The lung cancer cell line A-549 (CCL-185) and lung cell line HPAEC (PCS-100-022) used in this study were purchased from ATCC (https://www.atcc.org/) and cultured in DMEM medium containing 10% fetal bovine serum at 37 ℃ and 5% CO₂. Cells were transferred every 2-3 days; those in the logarithmic growth stage were used for the experiment. Cells were lysed with Trizol solution, and RNA was extracted. Reverse transcription of mRNA was performed using the PrimeScript™ RT reagent Kit with gDNA Eraser (Perfect Real Time) (Code No. RR047Q; TAKARA, Beijing, China). RT-qPCR was performed using cDNA obtained from reverse transcription. The procedure followed the protocol of the TB Green® Premix Ex Taq™ II (Tli RNaseH Plus) (Code No. RR820Q; TAKARA Bio). Reverse transcription and fluorescence quantitative PCR procedures were performed according to the manufacturer's instructions. Primers and sequences used for the analysis are listed in Tables 1 and 2.

Results

Immune landscape of lung cancer tumors

To assess the immune landscape based on the PD-L1 signaling axis and immune escape status, we collected tumor samples from eight patients with lung cancer for scRNA-seq and bioinformatics analysis. These samples included 4 without PD-L1 expression, 2 with PD-L1 expression, and 2 with high PD-L1 expression. In total, 58810 single cells were analyzed: 38,244 cells from four samples without PD-L1 expression, 14231 cells from two samples with PD-L1 expression, and 6335 cells from two samples with high PD-L1 expression. As shown in Figure 1, seven cell types were identified in the dataset: T cells, B cells, epithelial cells, DCs, astrocytes, tissue stem cells, and endothelial cells. These cell types were annotated separately for each group of cells and patients, and there were differences between PD-L1-positive and negative samples. T-cells and B-cells were dominant in both groups. The numbers of B cells, astrocytes, endothelial cells, epidermal cells, and tissue stem cells were higher in the PD-L1-positive sample group, whereas T cells and DCs were dominant in the PD-L1-negative sample group.

 Figure 1 

Single-cell landscape of lung cancer tumor and its PD-L1 immune signaling axis response. PD-L1: Programmed Death-Ligand 1

Cell subpopulation analysis

We further subdivided the seven cell types from different classes into 17 clusters (Figure 2A). Considering the large-scale chromosomal changes in cancer cells, we used molecular markers to annotate the 17 cell clusters as tumor or normal cells. Among the 17 clusters, one was identified as tumor cells, and another 6 clusters of cells were annotated as unknown; that is, it could not be determined whether they were tumor cells or normal cells (Figure 2B). To analyze the relationship between PD-L1 positivity and cell clusters, we compared the PD-L1 detection rates between different cell clusters (Figure 2C) and found that the positive rate of PD-L1 in the tumor_C1 cell cluster exceeded 50%. The negative rate of PD-L1 in most of the normal cell clusters was more than 50%, such as Norm_C1, Norm_C2, Norm_C4, Norm_C5, Norm_C7, Norm_C8, Norm_C9, and Norm_C10. The Norm_C3 and Norm_C6 clusters showed positive rates of PD-L1 of over 50%. According to the UMAP cluster analysis, tumor_C1 clusters were isolated from epithelial cells, and Norm_C3 and Norm_C6 clusters were isolated from stem cells and astrocytes, respectively (Figure 2D, E).

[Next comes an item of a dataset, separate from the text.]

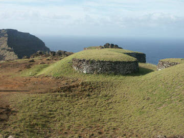 Nell'immagine in basso è possibile vedere alcune delle 1.233 abitazioni preistoriche in pietra, chiamate Tupa, in tempi antichi, e hare moa (casa delle galline), in tempi più recenti, che costellano l'isola di Pasqua, Rapa Nui
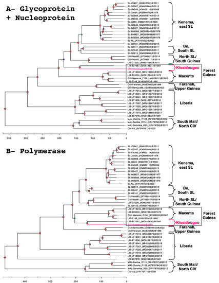 - Olayemi, A.; Adesina, A.S.; Strecker, T.; Magassouba, N.; Fichet-Calvet, E. Determining Ancestry between Rodent- and Human-Derived Virus Sequences in Endemic Foci: Towards a More Integral Molecular Epidemiology of Lassa Fever within West Africa. Biology 2020, 9, 26. [Google Scholar] [CrossRef] [PubMed]

PD-L1 pseudotime series analysis of normal cell communities

The transcriptional differentiation trajectory of normal cells showed that the cells were divided into six different sequences according to the results of the different molecular markers (Figure 3A, B). By further comparing pseudotime results with PD-L1 labeling results (Figure 3C, D), we found that DCs, B cells, and astrocytes in the PD-L1-negative group differentiated into fate1 (PD-L1-positive group) or fate2 (unknown group). Initially, no PD-L1-positive DCs, astrocytes, or B cells entered the tumor tissue for an immune response. However, as the tumor progressed, a PD-L1-positive reaction gradually occurred after the differentiation of tissue stem cells and endothelial cells, resulting in immune escape. Meanwhile, immune cells, such as T and B cells with insignificant PD-L1-positive reactions, were retained.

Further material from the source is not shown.